Com a posse do novo prefeito, em 2020, a Comissão de prevenção ao trabalho escravo de Barras e a CPT Piauí propuseram várias datas para a apresentação do plano ao novo gestor, mas este, não acolheu nenhuma delas e  logo em seguida no mês de março, a pandemia da Covid-19 paralisou todas as atividades no país. No inicio do ano de 2021, foram realizadas novas tentativas, sem êxito, de apresentação do plano de prevenção ao trabalho escravo ao novo gestor municipal, Edilson Capote (PSB) e com o aumento do números de casos de Covid-19 no estado, novamente as atividades foram paralisadas.

Apenas no dia 03 de fevereiro de 2022 a proposta do plano foi entregue pela segunda vez à prefeitura do município de Barras-PI, a a partir dessa entrega foi marcada a audiência do dia 27 de abril com o propósito de ajustar detalhes e acolher as proposições do poder público. Desde então várias audiências ocorreram e o plano ia se concretizando a cada encontro até que foi marcada a data do lançamento do plano, dia 24 de agosto de 2022.

Foi um caminho árduo para todos os envolvidos no processo, mas de grande recompensa e que nesta data celebram a concretização de um sonho coletivo, de um sonho real e possível para todas e todos os trabalhadores e trabalhadoras do município de Barras-PI. José Henrique, agente da CPT Piauí, engenheiro agrônomo e assentado no PA Baixa Fria reforça a importância do lançamento do plano para criação de políticas públicas de incentivo a permanência, sobretudo da juventude, na Terra junto com suas origens e destaca o caminho percorrido, que “pra chegarmos hoje no lançamento desse plano tivemos várias etapas, uma delas foi o diagnóstico feito pela comissão de prevenção do trabalho escravo de Barras nas comunidades, onde tivemos vários encontros pra fazer toda a montagem da proposta do plano. É muito importante esse lançamento hoje aqui. O município de Barras é considerado capital de exportação de mão de obra, mas também capital da reforma agrária e pra isso faltam políticas públicas, falta assistência técnica para que a juventude possa permanecer nos assentamentos e em suas comunidades.

Após o lançamento a prefeitura através de seus secretários presentes no lançamento criam um grupo de trabalho com representantes do legislativo municipal, sindicato, Igreja, organismos e organizações da sociedade civil para darem continuidade ao plano, que a parti de agora será implementado e fiscalizado por esse GT.

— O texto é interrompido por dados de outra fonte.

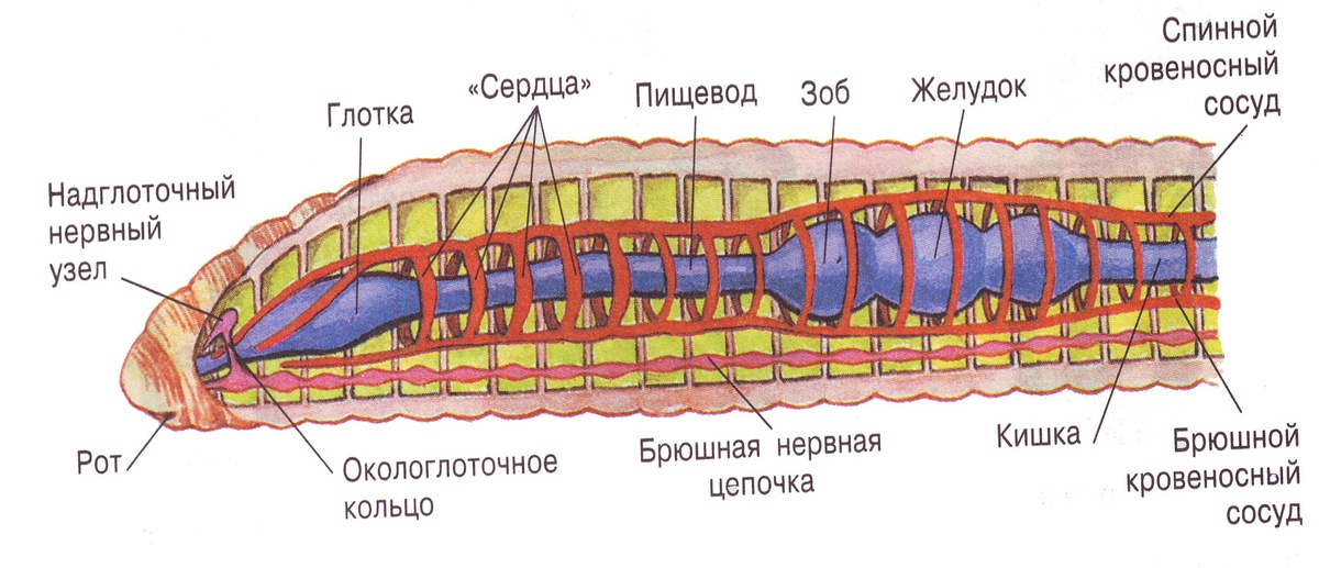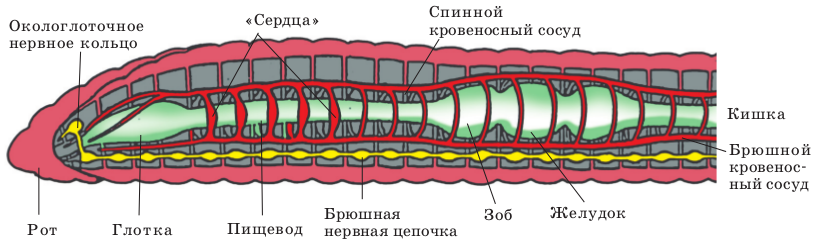 из органов кровеносной системы хорошо выделяется крупные сосуды,заполненный красной кровью, проходящий над кишкой червя. Один проходит над кишкой, а второй - под нею. В начале тела хорошо заметны кольцеообразные сосуды, выполняющие роль сердца.

Barras polo exportador de mão de obra

O município de Barras é conhecido como grande exportador de mão de obra escrava para fazendas em São Paulo, Minas, Goiás, Pará entre outros estados do país.

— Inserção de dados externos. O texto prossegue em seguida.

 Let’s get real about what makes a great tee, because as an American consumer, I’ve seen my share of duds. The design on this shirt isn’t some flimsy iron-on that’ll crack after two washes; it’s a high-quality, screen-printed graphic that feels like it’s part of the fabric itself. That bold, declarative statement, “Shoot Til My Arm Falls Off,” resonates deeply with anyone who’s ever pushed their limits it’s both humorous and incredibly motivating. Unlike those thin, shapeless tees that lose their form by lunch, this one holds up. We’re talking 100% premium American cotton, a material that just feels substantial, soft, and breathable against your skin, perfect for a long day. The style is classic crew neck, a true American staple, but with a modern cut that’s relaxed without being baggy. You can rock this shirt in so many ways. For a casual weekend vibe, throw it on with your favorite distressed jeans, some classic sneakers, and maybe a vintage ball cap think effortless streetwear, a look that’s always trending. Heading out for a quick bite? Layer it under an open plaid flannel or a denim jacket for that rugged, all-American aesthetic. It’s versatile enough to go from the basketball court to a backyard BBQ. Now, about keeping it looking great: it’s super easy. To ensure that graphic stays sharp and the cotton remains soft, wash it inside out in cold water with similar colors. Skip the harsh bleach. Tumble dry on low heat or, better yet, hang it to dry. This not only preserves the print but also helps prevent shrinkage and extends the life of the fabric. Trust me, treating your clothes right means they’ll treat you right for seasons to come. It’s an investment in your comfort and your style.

A falta oportunidade de emprego, de políticas públicas de geração de renda e a baixa escolaridade dos trabalhadores e trabalhadoras, muitas vezes analfabetos, desencadeia um ciclo de migração forçada que atrai aliciadores de mão de obra barata,  e na busca de melhores condições de vida, pais, filhos, tios, sobrinhos e mesmo mães se arriscam em deixar suas famílias e tentar a sorte em outros estados, correndo o risco de serem escravizados.

Caso Brasil Verde

No final do ano de 2016 a Corte Interamericana de Direitos Humanos (CIDH) condenou o Estado Brasileiro a indenizar um grupo de 128 trabalhadores resgatados nos anos, sua maioria do município de Barras no Piauí, por terem sido submetidos ao trabalho escravo na Fazenda Brasil Verde, localizada em Sapucaia, sul do Pará. Este foi o primeiro caso de escravidão contemporânea decidida pela Corte, no caso, o Estado Brasileiro foi conivente com o trabalho escravo que ocorria na fazenda quando a ausência de efetividade na aplicação da lei em proteger os direitos humanos do trabalhadores e a impunidade sobre os culpados  permaneceu por dezesseis anos.

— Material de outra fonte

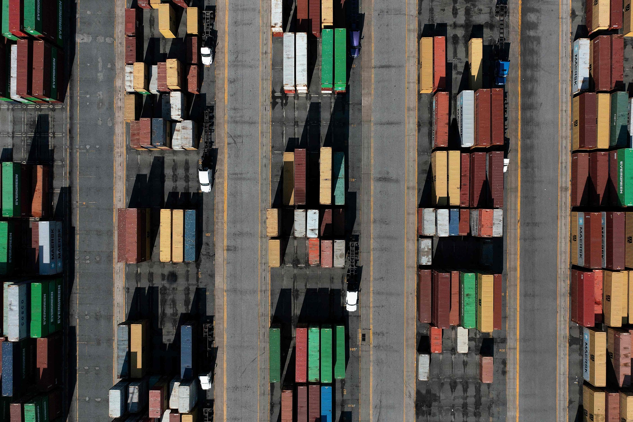 2021年10月14日,美國馬里蘭州,航拍巴爾的摩港口準備運輸的貨物集裝箱 圖自視覺中國

Só quando a Comissão Pastoral da Terra (CPT), juntamente com o Centro de Justiça e o Direito internacional (Cejil), conseguiram identificar as diversas repetições das violações na Fazenda Brasil Verde e levantaram documentos e testemunhas a CIDH que acolheu e julgou o caso em 2015.

Muitos trabalhadores já foram identificados e já receberam a indenização, outros, quase dez anos depois da sentença julgada, ainda não foram pagos, ou não foram encontrados.